Look through the material below and copy exactly the lines from the line with "YUNTYHBP Backpack for Typhoon H" to the line with "EPDM is attached", those two lines included.

§ **Data provided**:
▼▼▼
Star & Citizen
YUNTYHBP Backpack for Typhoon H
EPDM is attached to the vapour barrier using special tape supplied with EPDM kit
▲▲▲
▼▼▼
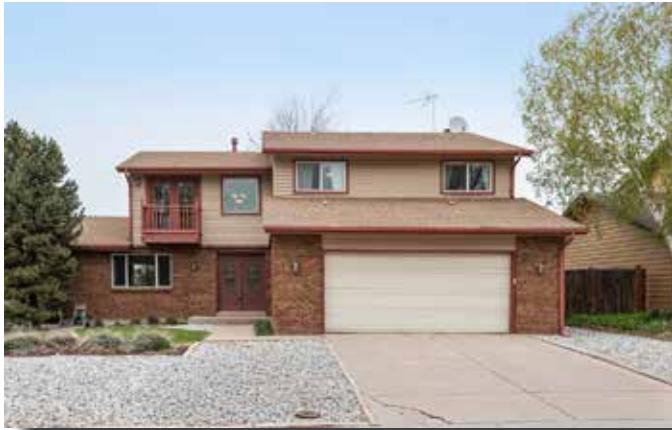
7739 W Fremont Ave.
▲▲▲
§ **Result of this task**:
YUNTYHBP Backpack for Typhoon H
EPDM is attached to the vapour barrier using special tape supplied with EPDM kit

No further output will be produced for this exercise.